***** SOURCE MATERIAL
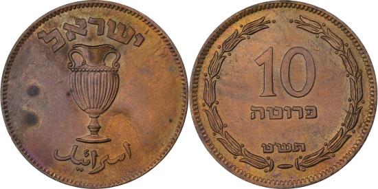 | | Israel, 10 Pruta, 5709 (1949), Bronze, , KM:11 | | | Amphora and country name in Hebrew and Arabic, Value within wreath and date in Hebrew | | FEATURES |
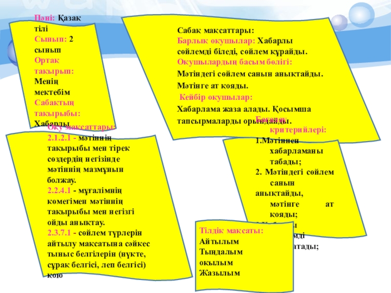 2.1.2.1 - мәтіннің тақырыбы мен тірек сөздердің негізінде мәтіннің мазмұнын болжау.
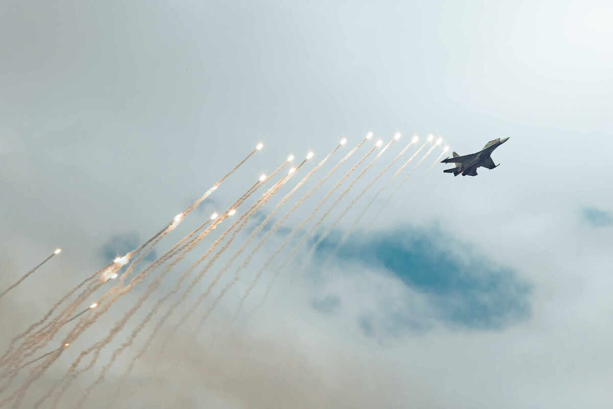 Khoảng 7h, hàng vạn người dân được tận mắt chứng kiến màn trình diễn của tiêm kích Su-30MK2 và Yak-130. Trong buổi tổng duyệt, chiến đấu cơ Việt Nam không chỉ bay theo đội hình chuẩn xác mà còn thả mồi nhiệt – loại biện pháp phòng thủ nhằm đánh lạc hướng tên lửa hồng ngoại.
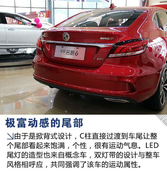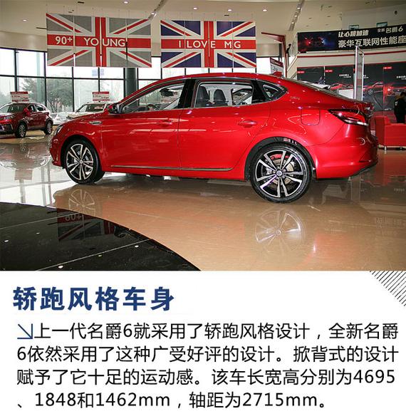 2017年11月3日,备受期待的全新名爵6在南京正式上市,全系指导价为9.68万元-13.28万元,在享受了厂家提供的2.5%购置税补贴之后,售价为9.48万元-12.98万元。新车全系搭载1.5T发动机,共计推出6款车型。全新名爵6采用了名爵最新的家族式设计,配备了最新升级的斑马智行2.0互联系统,加上7秒就能破百的运动属性,这款车还未上市就得到了充分的关注。既然是一款平民小钢炮,全新名爵6的静态表现究竟如何,一起来看下面的实拍。
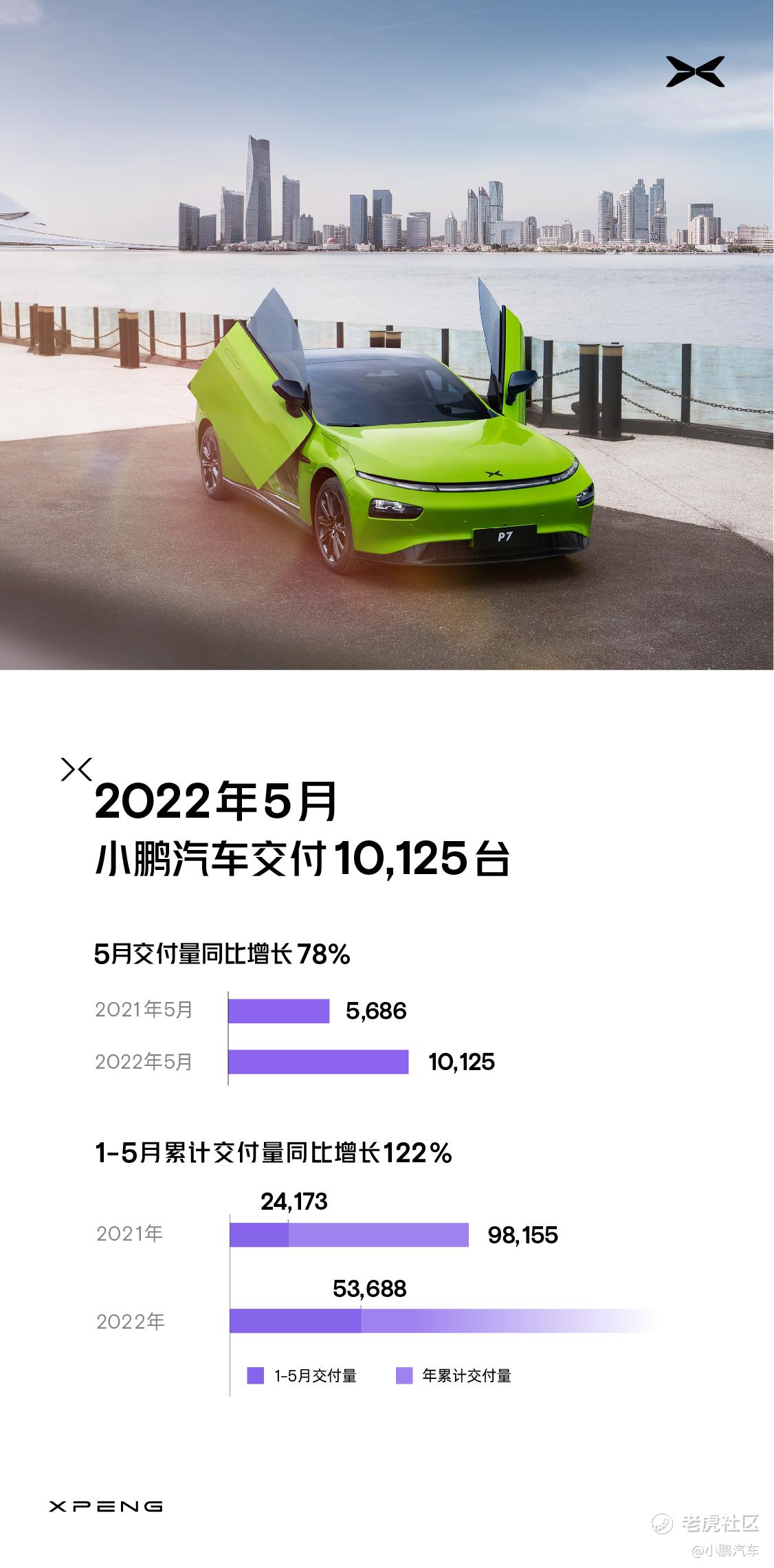 今日,我们公布了最新交付成绩。2022年5月交付10,125台,同比增长78%。
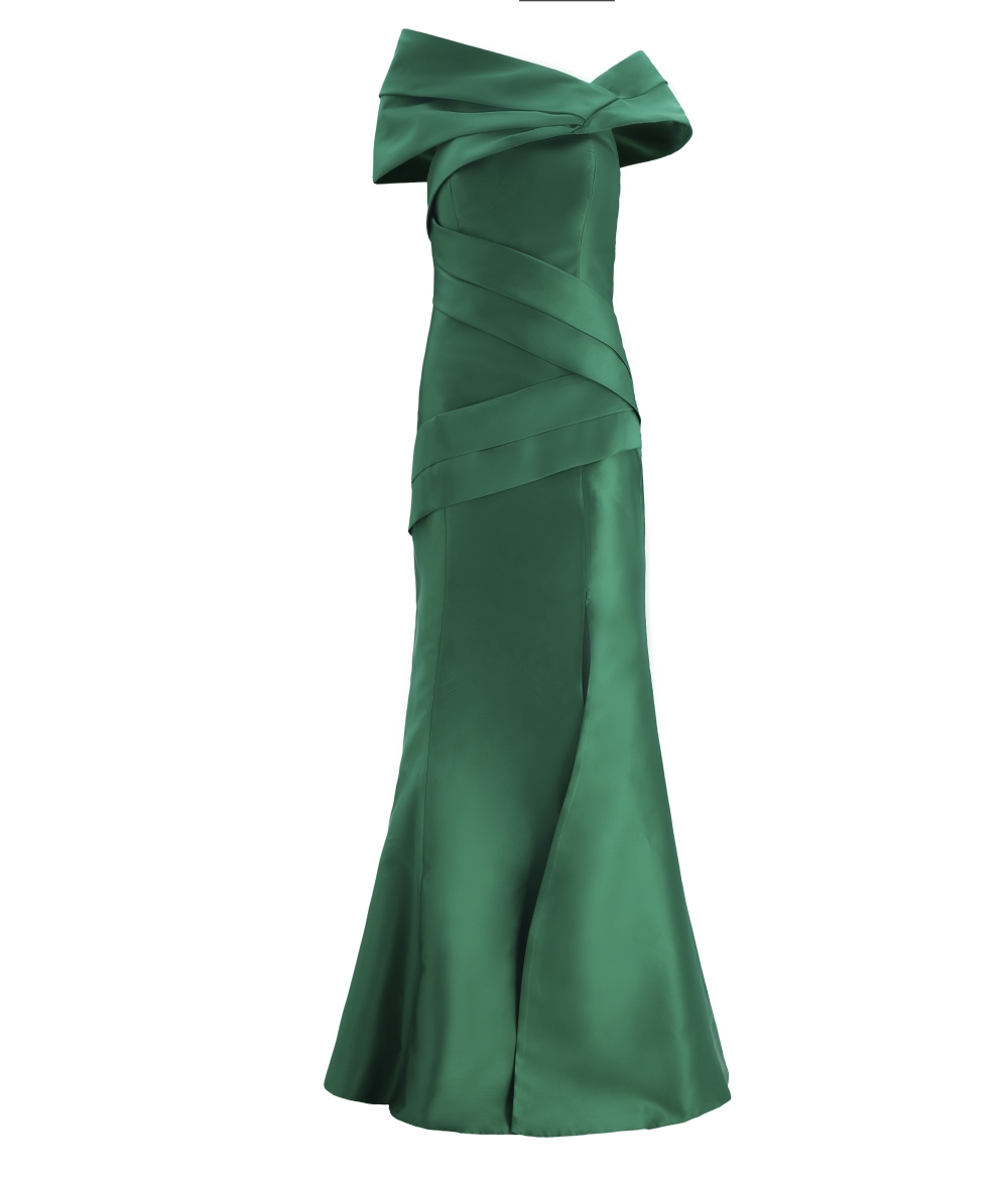 VESTIDO LONGO EM ZIBELINE VERDE ESMERALDA OMBRO A OMBRO
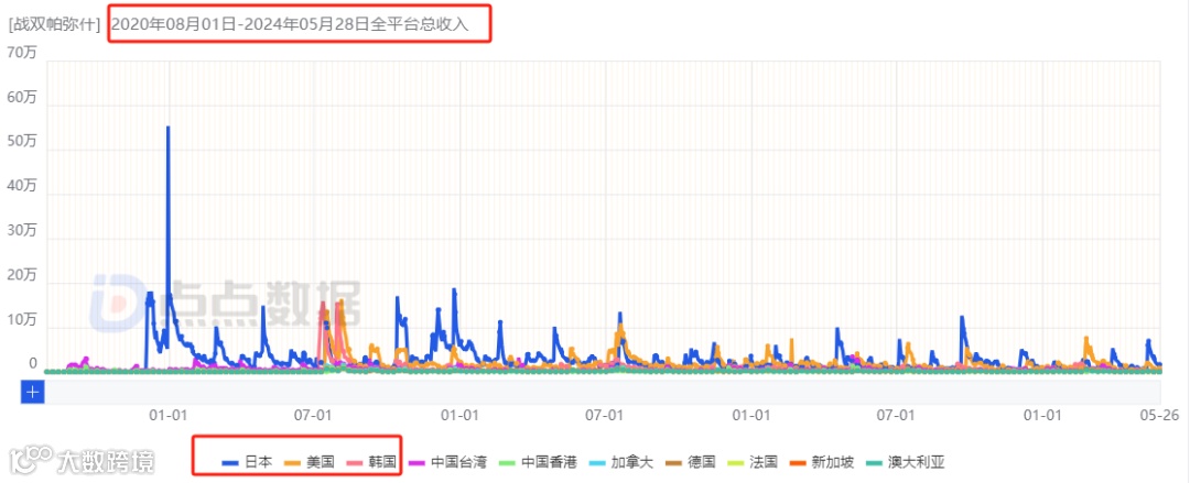 点点数据显示,2020年8月至今,该作在海外双端总流水预估为6.56亿元,日本、美国、韩国分别以40.66%、21.64%以及8.83%位列贡献榜TOP3,但已趋势来看,其月流水已经从顶峰的3920万下降至1000万出头,4月更是只有680万。
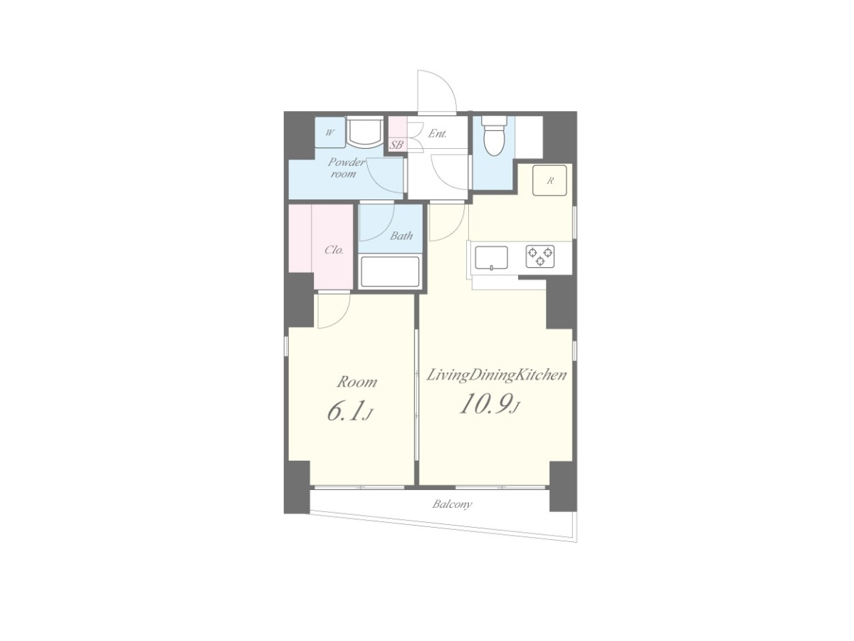間取りはシンプルな1LDK。オートロックあり、エレベーターあり、立地もいい経堂の街と、快適に安心して暮らすことができます。ひとりならゆったりと、ふたり暮らしならちょうど良く過ごせそうです。
**********
» **WHAT TO WORK ON**: Copy all entries exactly; skip pictures.

» **EXERCISE SOLUTION**:
 | | Israel, 10 Pruta, 5709 (1949), Bronze, , KM:11 | | | Amphora and country name in Hebrew and Arabic, Value within wreath and date in Hebrew | | FEATURES |
 2.1.2.1 - мәтіннің тақырыбы мен тірек сөздердің негізінде мәтіннің мазмұнын болжау.
 Khoảng 7h, hàng vạn người dân được tận mắt chứng kiến màn trình diễn của tiêm kích Su-30MK2 và Yak-130. Trong buổi tổng duyệt, chiến đấu cơ Việt Nam không chỉ bay theo đội hình chuẩn xác mà còn thả mồi nhiệt – loại biện pháp phòng thủ nhằm đánh lạc hướng tên lửa hồng ngoại.
 2017年11月3日,备受期待的全新名爵6在南京正式上市,全系指导价为9.68万元-13.28万元,在享受了厂家提供的2.5%购置税补贴之后,售价为9.48万元-12.98万元。新车全系搭载1.5T发动机,共计推出6款车型。全新名爵6采用了名爵最新的家族式设计,配备了最新升级的斑马智行2.0互联系统,加上7秒就能破百的运动属性,这款车还未上市就得到了充分的关注。既然是一款平民小钢炮,全新名爵6的静态表现究竟如何,一起来看下面的实拍。
 今日,我们公布了最新交付成绩。2022年5月交付10,125台,同比增长78%。
 VESTIDO LONGO EM ZIBELINE VERDE ESMERALDA OMBRO A OMBRO
 点点数据显示,2020年8月至今,该作在海外双端总流水预估为6.56亿元,日本、美国、韩国分别以40.66%、21.64%以及8.83%位列贡献榜TOP3,但已趋势来看,其月流水已经从顶峰的3920万下降至1000万出头,4月更是只有680万。
間取りはシンプルな1LDK。オートロックあり、エレベーターあり、立地もいい経堂の街と、快適に安心して暮らすことができます。ひとりならゆったりと、ふたり暮らしならちょうど良く過ごせそうです。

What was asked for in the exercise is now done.